The causeway itself is approximately 90 m long and 7 m wide and constructed from rough, red coloured stone of regular size, laid in straight courses without mortar. It is believed the stone for the wall was taken from the beach or quarry face on the nearby Doctor's Hill. There are obvious sections of the wall that are deteriorating as well as sections of wall that have been repaired. These areas of repair are most easily identified as infills of irregularly shaped, sandy coloured stone, quarried from a different location on the island. In the areas of deterioration the method of causeway construction and layers of history can be fully appreciated. Through the rubble the layers of rock and causeway infill material are visible as well as segments of the tram tracks, laid as part of the Benevolent Asylum additions to the causeway. This exposure confirms the thought that whilst sections of the wall may be buried they are more than likely intact.

== Heritage listing ==
Dunwich Convict Causeway was listed on the Queensland Heritage Register on 22 October 1999 having satisfied the following criteria.

The place is important in demonstrating the evolution or pattern of Queensland's history.

Constructed as part of a convict outstation and the primary landing place for all vessels coming into Moreton Bay and Brisbane the causeway has historical significance for its valuable role in the early colonial settlement of Queensland. Since the closure of the convict outstation, the causeway has played an important role in subsequent developments at Dunwich.

The place demonstrates rare, uncommon or endangered aspects of Queensland's cultural heritage.

The Dunwich causeway is an extremely important and rare piece of Queensland's built history. With the Windmill and Commissariat Store in Brisbane it is one of three convict structures known to survive in southeast Queensland. More specifically it is perhaps the only example of a convict built maritime structure in the state.

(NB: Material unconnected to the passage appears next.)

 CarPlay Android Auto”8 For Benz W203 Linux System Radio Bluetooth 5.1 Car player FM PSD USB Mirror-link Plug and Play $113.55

The place has potential to yield information that will contribute to an understanding of Queensland's history.

The causeway provides the community with the potential to yield a greater understanding of Queensland's history and the pivotal role this small structure played in the development of the Moreton Bay penal settlement and in turn the city of Brisbane and state of Queensland.

The place is important in demonstrating the principal characteristics of a particular class of cultural places.

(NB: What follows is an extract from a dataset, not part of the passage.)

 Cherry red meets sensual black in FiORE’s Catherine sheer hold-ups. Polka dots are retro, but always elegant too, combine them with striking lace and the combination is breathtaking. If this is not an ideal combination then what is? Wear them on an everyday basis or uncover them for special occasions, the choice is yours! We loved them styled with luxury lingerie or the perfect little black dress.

The physical fabric of the causeway clearly illustrates both the principal characteristics of European building techniques in the early part of the nineteenth century and the construction methods used by convicts to build a structure of this nature.

The place is important in demonstrating a high degree of creative or technical achievement at a particular period.

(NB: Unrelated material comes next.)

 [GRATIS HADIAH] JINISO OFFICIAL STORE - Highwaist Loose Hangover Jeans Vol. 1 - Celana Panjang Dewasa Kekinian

A degree of technical achievement is demonstrated in the construction of the causeway.

The place has a strong or special association with a particular community or cultural group for social, cultural or spiritual reasons.

The causeway has social significance for community groups involved with the Catholic Mission, Quarantine Station, Benevolent Asylum, residents and tourists as the point of landing on North Stradbroke Island.